Saved entries
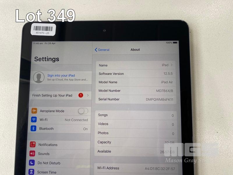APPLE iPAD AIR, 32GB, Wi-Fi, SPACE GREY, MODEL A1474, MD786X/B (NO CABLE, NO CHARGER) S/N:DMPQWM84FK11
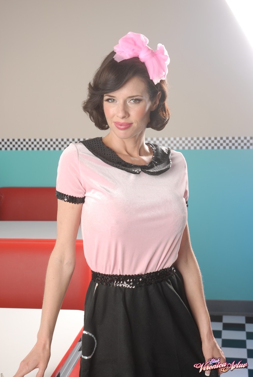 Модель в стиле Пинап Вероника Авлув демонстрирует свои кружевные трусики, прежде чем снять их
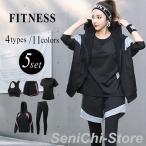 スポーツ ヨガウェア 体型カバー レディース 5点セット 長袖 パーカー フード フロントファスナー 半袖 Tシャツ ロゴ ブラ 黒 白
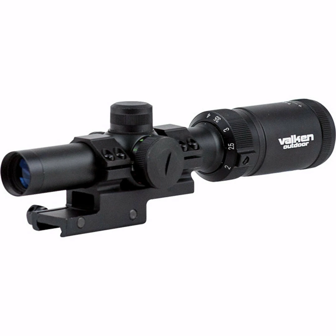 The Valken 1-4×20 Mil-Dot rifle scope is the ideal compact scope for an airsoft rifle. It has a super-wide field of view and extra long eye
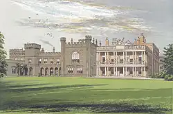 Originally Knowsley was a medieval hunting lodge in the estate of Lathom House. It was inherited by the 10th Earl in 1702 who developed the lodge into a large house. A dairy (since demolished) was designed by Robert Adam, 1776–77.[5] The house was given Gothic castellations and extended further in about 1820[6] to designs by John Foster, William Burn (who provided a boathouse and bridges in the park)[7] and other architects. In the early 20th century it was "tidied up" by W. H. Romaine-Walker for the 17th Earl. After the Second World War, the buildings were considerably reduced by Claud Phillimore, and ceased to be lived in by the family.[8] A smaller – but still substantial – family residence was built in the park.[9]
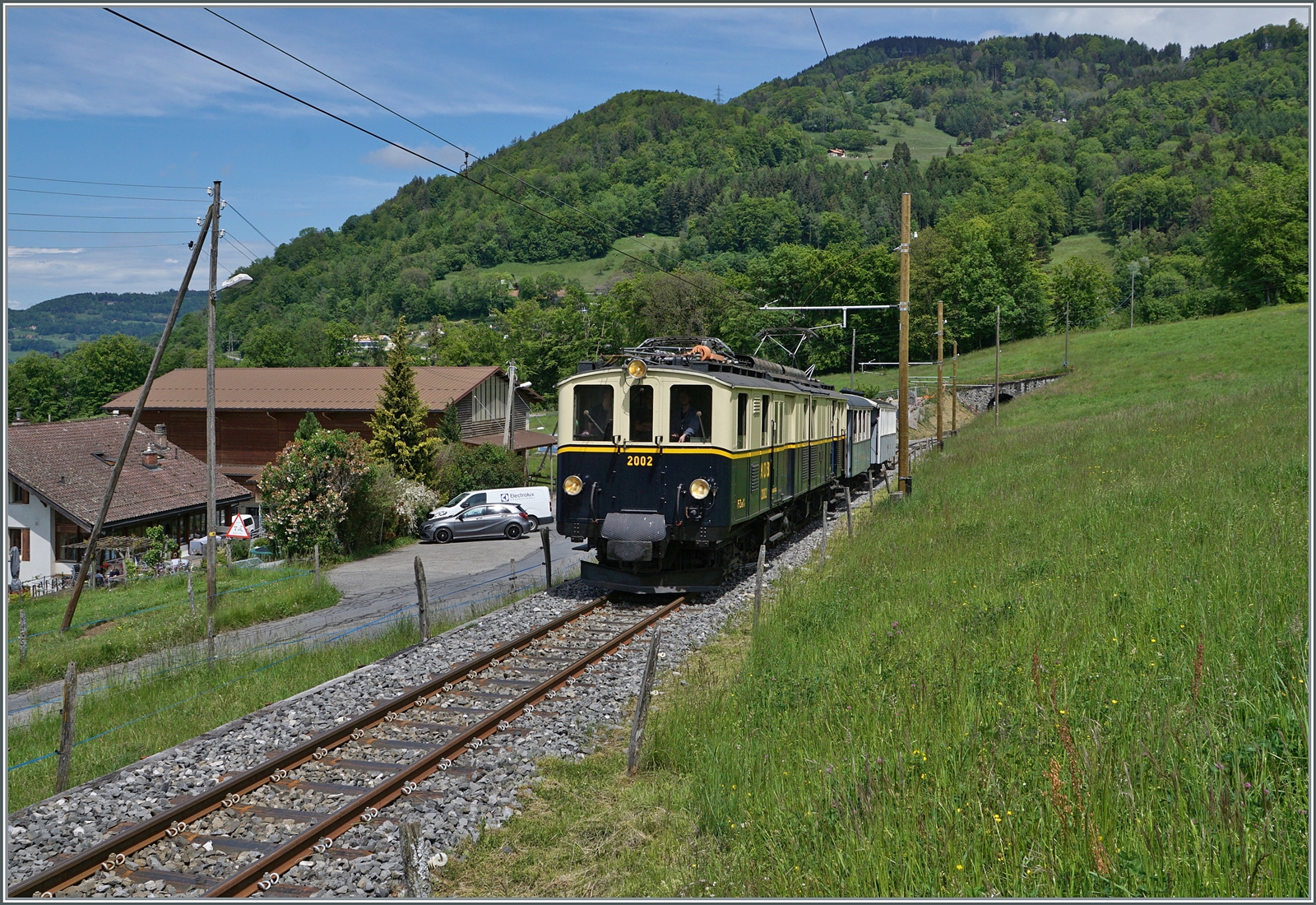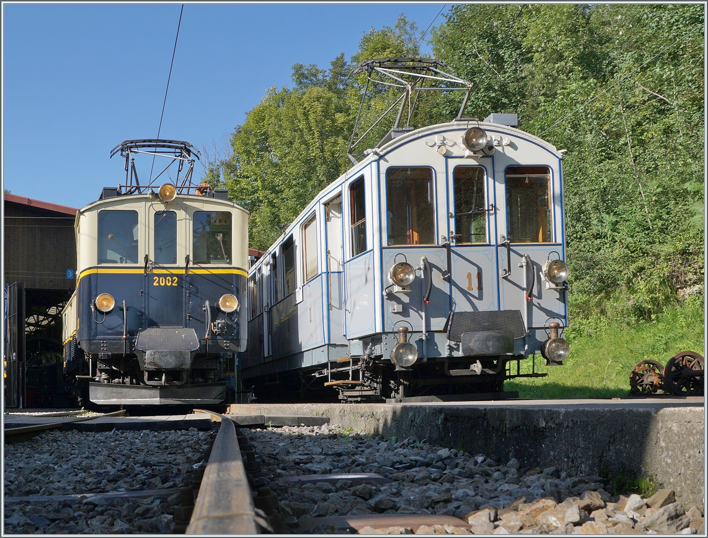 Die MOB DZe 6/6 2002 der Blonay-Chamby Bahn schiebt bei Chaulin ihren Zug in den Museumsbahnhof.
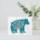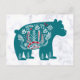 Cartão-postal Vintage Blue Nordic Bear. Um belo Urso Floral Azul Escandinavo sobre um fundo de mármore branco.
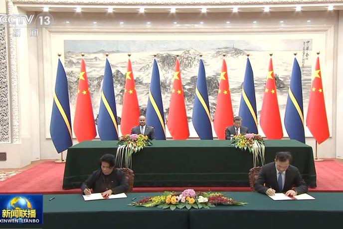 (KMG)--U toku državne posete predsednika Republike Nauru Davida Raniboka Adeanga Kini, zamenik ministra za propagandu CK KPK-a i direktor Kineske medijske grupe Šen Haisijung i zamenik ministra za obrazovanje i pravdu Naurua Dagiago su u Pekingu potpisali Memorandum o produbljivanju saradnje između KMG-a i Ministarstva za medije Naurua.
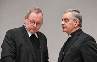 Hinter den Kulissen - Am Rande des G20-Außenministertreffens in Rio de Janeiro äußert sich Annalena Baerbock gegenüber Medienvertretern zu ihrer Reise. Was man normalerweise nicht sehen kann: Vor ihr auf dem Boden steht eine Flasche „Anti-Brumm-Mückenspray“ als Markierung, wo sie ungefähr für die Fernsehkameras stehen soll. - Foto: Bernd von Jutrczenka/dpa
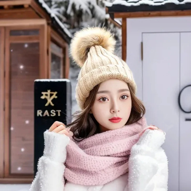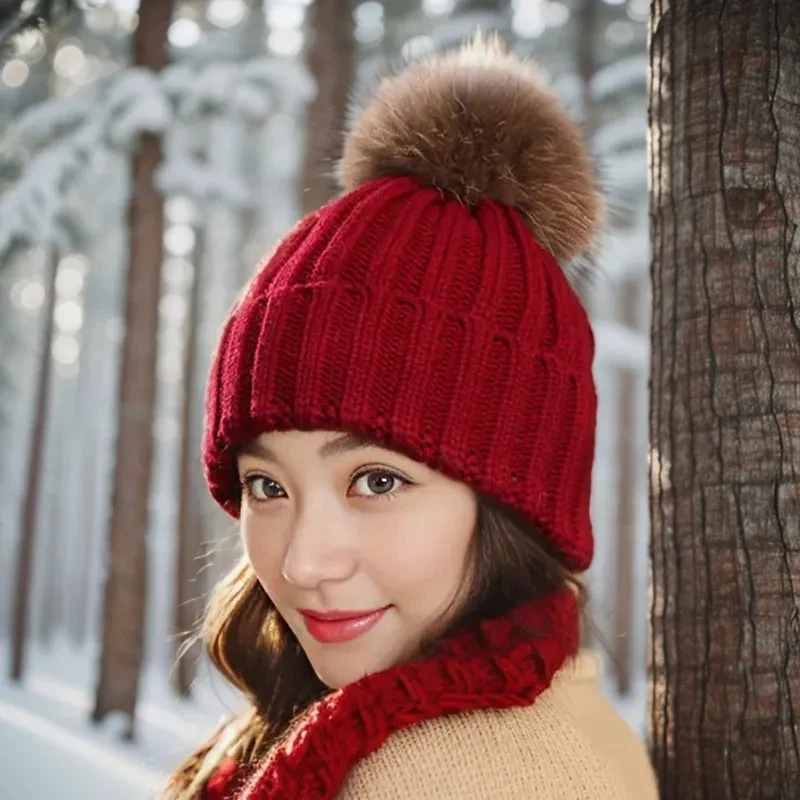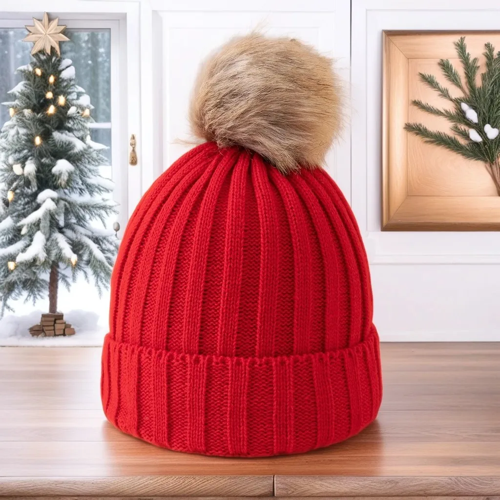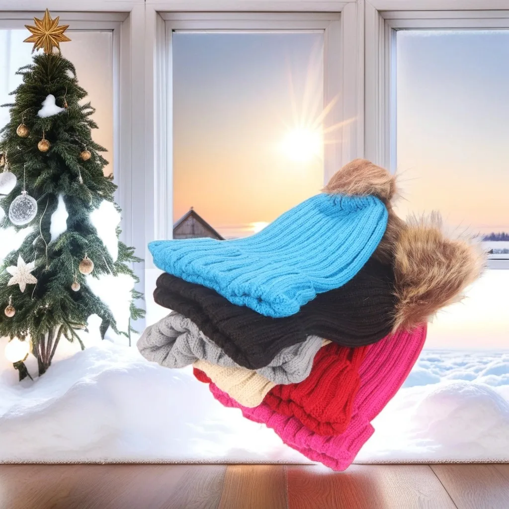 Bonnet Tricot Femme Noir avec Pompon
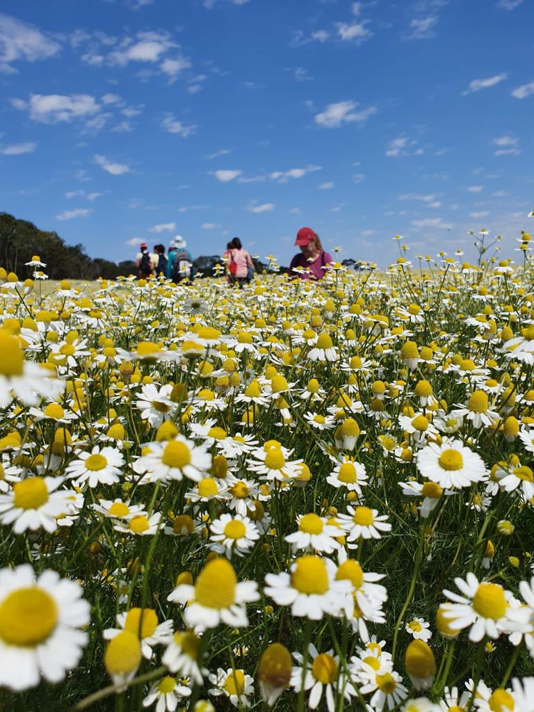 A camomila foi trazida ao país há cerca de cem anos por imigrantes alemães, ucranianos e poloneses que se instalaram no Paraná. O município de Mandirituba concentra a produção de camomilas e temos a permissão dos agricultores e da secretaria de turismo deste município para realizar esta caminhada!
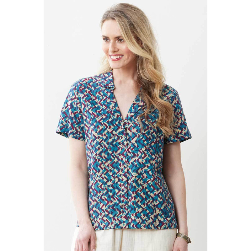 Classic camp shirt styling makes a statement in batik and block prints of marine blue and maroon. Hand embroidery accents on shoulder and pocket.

** Work instruction **
Your task is to reproduce the entries above word for word, from the first line through the line with "The Valken 1-4×20", and please leave out any pictures.

** Task result **
APPLE iPAD AIR, 32GB, Wi-Fi, SPACE GREY, MODEL A1474, MD786X/B (NO CABLE, NO CHARGER) S/N:DMPQWM84FK11
 Модель в стиле Пинап Вероника Авлув демонстрирует свои кружевные трусики, прежде чем снять их
 スポーツ ヨガウェア 体型カバー レディース 5点セット 長袖 パーカー フード フロントファスナー 半袖 Tシャツ ロゴ ブラ 黒 白
 The Valken 1-4×20 Mil-Dot rifle scope is the ideal compact scope for an airsoft rifle. It has a super-wide field of view and extra long eye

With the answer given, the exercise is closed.